#### Records provided:
++++++
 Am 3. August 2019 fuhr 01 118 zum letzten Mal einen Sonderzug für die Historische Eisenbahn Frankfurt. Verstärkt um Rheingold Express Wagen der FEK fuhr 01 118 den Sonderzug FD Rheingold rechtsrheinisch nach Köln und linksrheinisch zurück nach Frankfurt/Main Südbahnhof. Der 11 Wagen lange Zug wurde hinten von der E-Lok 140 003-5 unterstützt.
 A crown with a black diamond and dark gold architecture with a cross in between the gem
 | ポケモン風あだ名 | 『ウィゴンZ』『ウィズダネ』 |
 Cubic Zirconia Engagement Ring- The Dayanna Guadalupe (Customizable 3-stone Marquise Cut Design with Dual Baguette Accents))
++++++
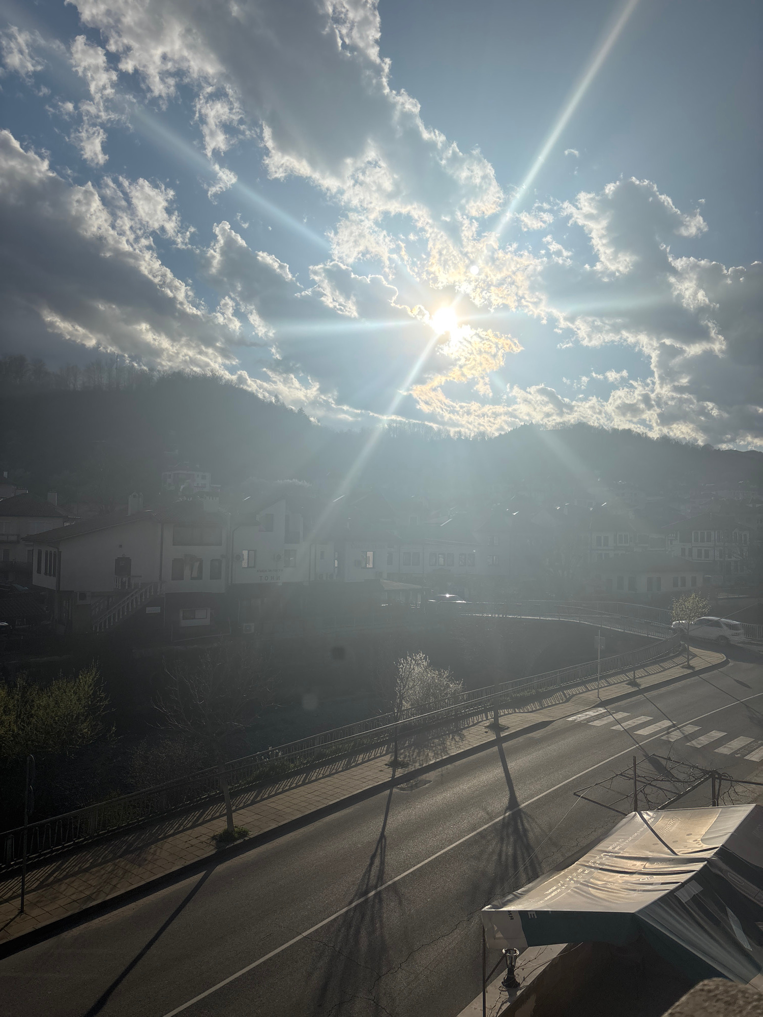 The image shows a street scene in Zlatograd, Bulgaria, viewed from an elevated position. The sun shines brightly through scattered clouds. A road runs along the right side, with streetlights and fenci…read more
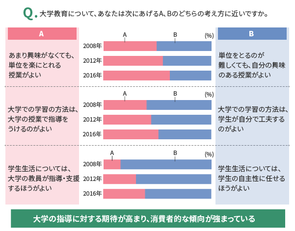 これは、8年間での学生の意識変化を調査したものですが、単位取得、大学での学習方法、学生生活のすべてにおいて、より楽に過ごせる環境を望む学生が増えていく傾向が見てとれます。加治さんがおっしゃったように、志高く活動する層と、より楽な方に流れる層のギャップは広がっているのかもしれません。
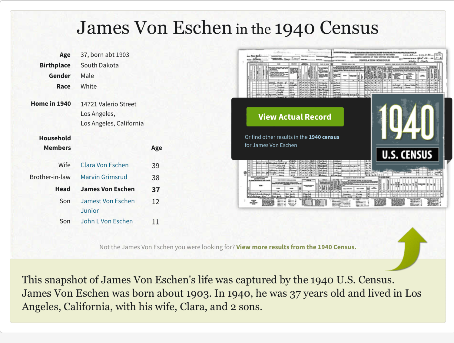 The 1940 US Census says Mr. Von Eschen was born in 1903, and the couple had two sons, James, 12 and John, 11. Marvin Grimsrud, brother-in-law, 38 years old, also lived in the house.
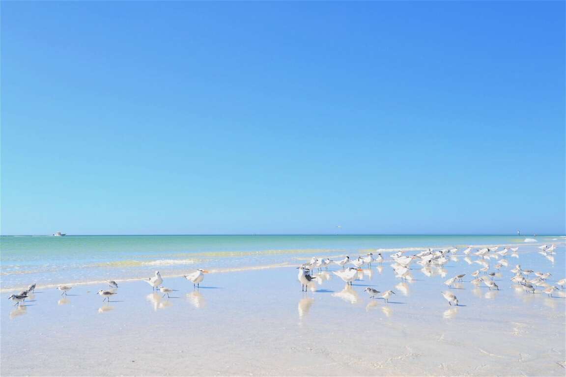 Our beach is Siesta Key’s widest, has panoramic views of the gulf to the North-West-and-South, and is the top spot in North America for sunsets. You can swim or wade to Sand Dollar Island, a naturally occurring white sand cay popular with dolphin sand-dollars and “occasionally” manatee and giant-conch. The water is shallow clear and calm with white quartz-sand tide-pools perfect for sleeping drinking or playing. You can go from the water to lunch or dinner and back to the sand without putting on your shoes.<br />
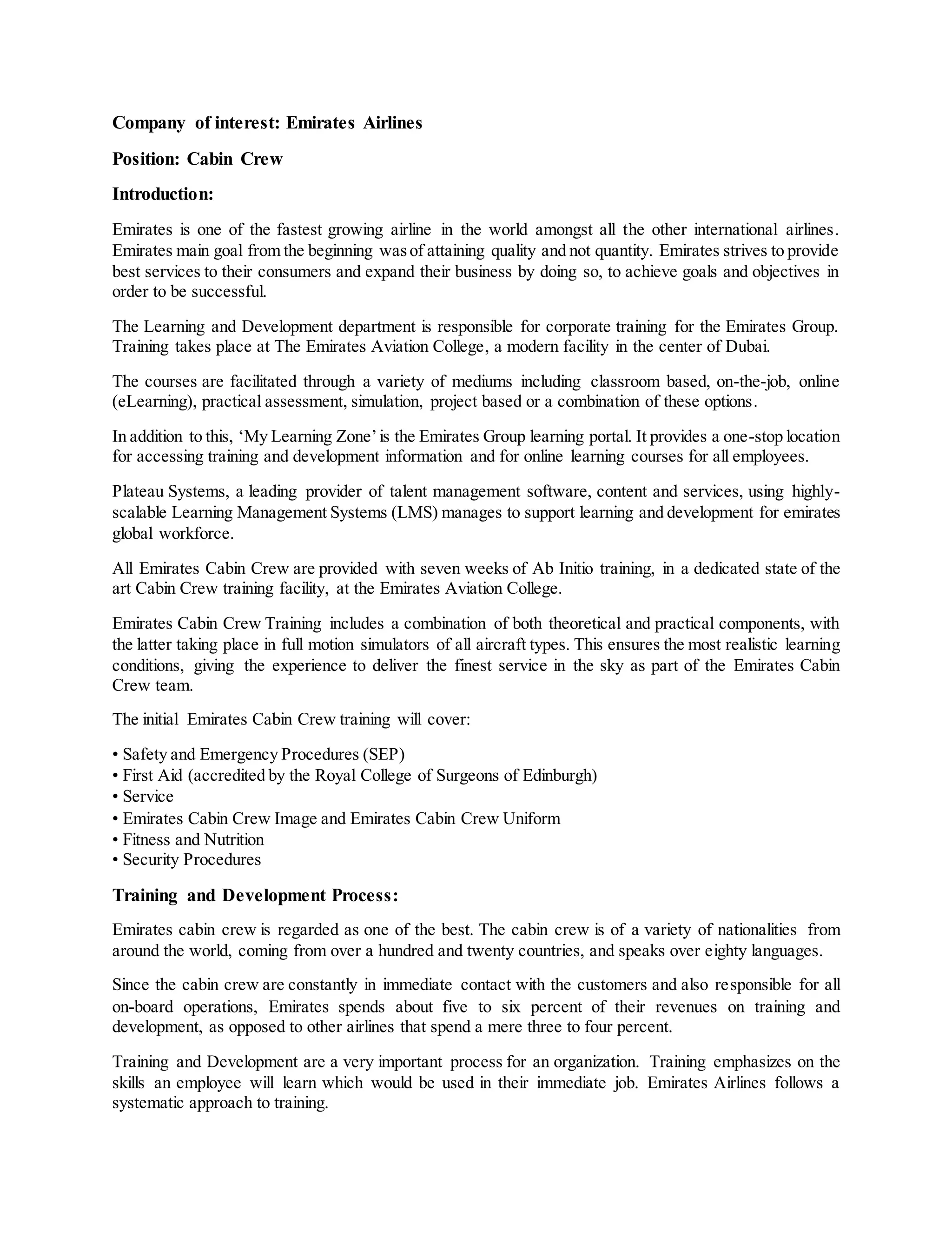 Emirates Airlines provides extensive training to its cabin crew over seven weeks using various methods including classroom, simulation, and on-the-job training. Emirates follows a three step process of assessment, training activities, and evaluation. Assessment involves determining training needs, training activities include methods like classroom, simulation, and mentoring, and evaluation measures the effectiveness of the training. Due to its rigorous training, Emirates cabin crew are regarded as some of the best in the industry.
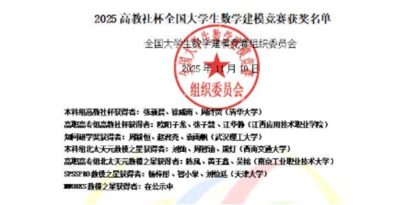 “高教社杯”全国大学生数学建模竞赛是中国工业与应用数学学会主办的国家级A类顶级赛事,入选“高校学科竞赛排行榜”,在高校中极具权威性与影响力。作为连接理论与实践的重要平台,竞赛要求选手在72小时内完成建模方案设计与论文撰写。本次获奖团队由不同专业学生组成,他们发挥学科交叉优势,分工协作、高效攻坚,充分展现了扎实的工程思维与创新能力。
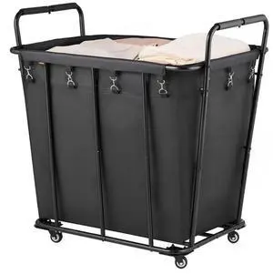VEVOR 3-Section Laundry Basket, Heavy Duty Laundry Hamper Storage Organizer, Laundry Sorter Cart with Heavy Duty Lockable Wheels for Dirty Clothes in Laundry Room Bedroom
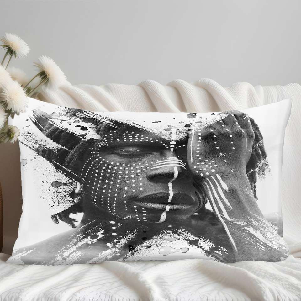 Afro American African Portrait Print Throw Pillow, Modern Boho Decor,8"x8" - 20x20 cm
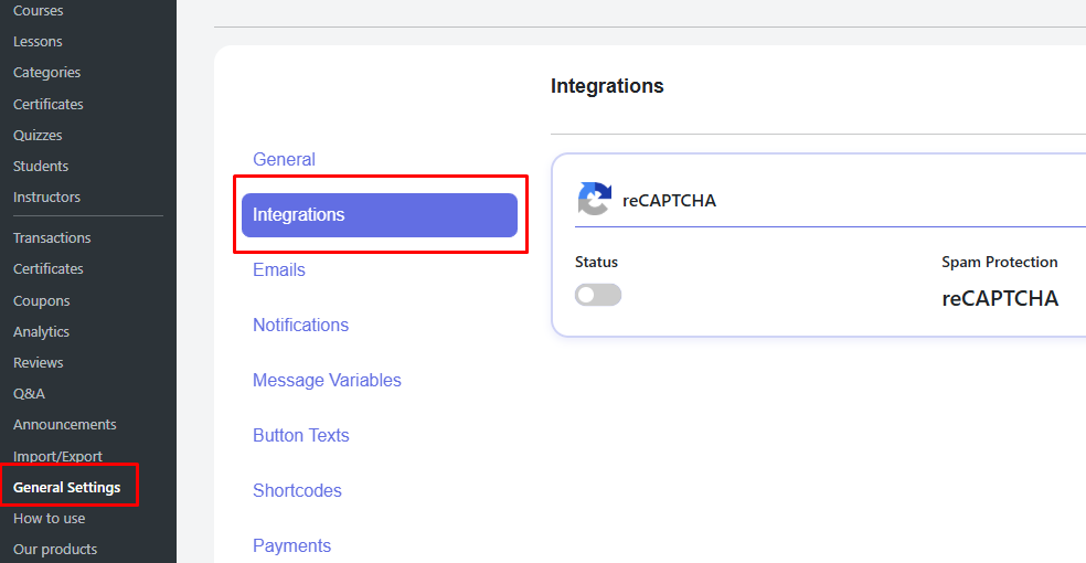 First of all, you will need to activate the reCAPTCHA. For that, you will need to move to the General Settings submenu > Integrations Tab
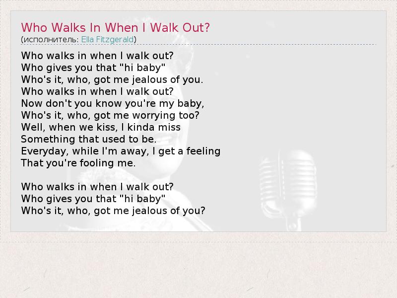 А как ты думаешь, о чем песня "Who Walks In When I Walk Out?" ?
++++++
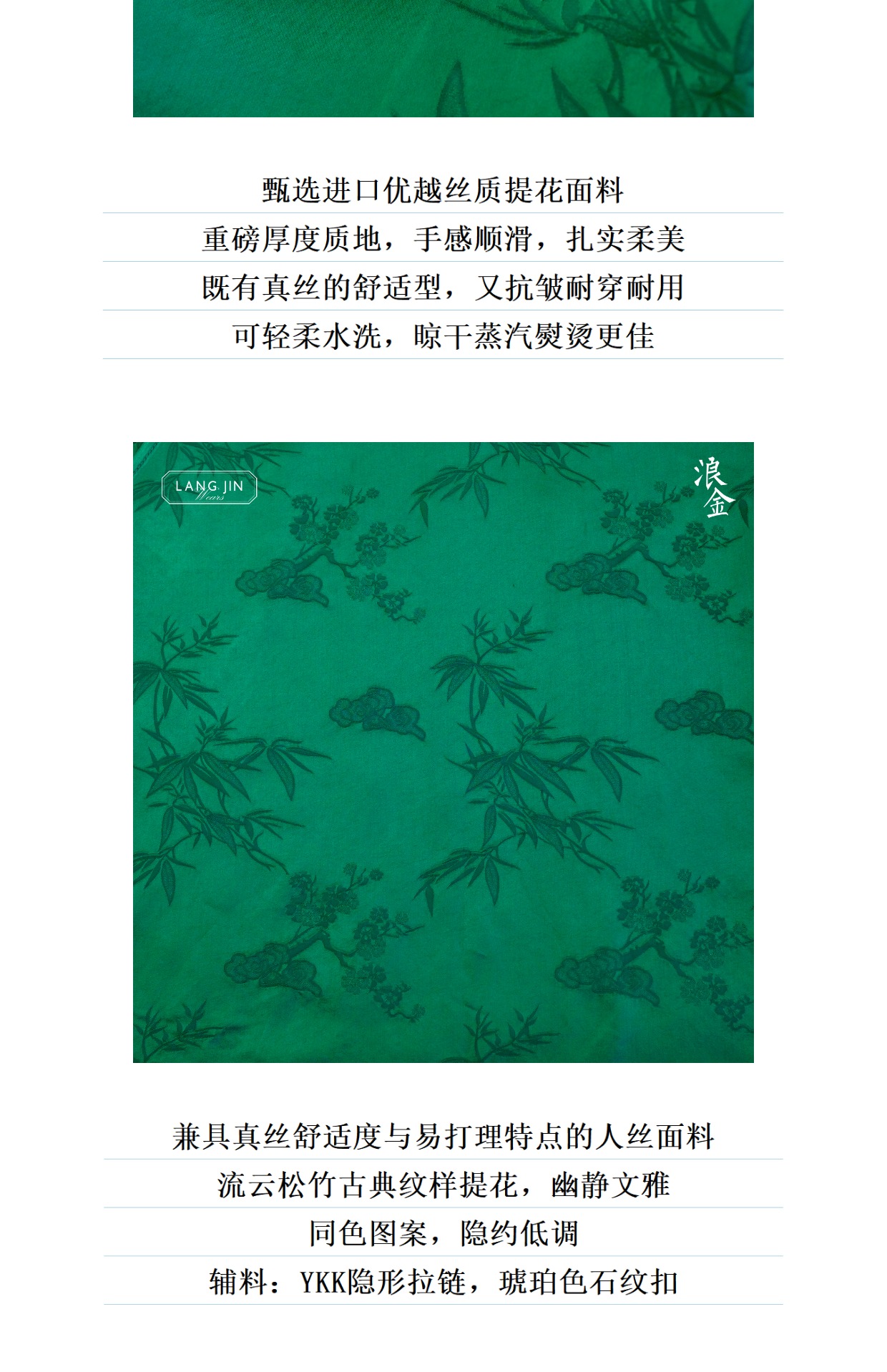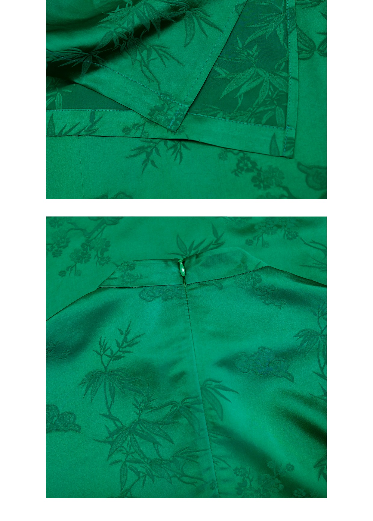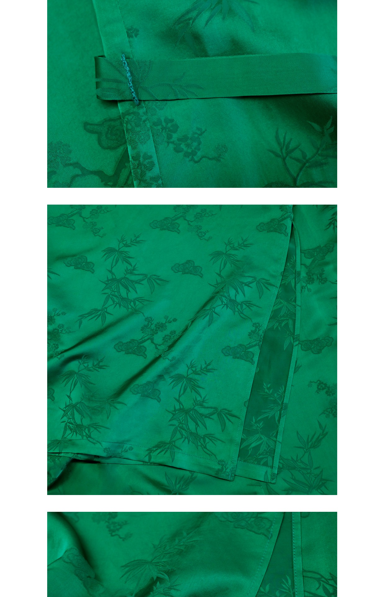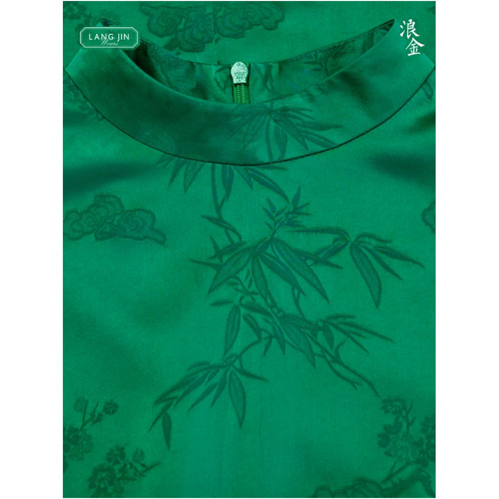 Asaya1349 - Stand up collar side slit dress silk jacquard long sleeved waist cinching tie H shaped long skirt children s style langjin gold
++++++
#### What you should do:
Using the data above, output the line that has "Afro American African", the line that has "А как ты думаешь, о", and whatever lines fall between, each exactly as it stands and without pictures.

#### Response to this exercise:
 Afro American African Portrait Print Throw Pillow, Modern Boho Decor,8"x8" - 20x20 cm
 First of all, you will need to activate the reCAPTCHA. For that, you will need to move to the General Settings submenu > Integrations Tab
 А как ты думаешь, о чем песня "Who Walks In When I Walk Out?" ?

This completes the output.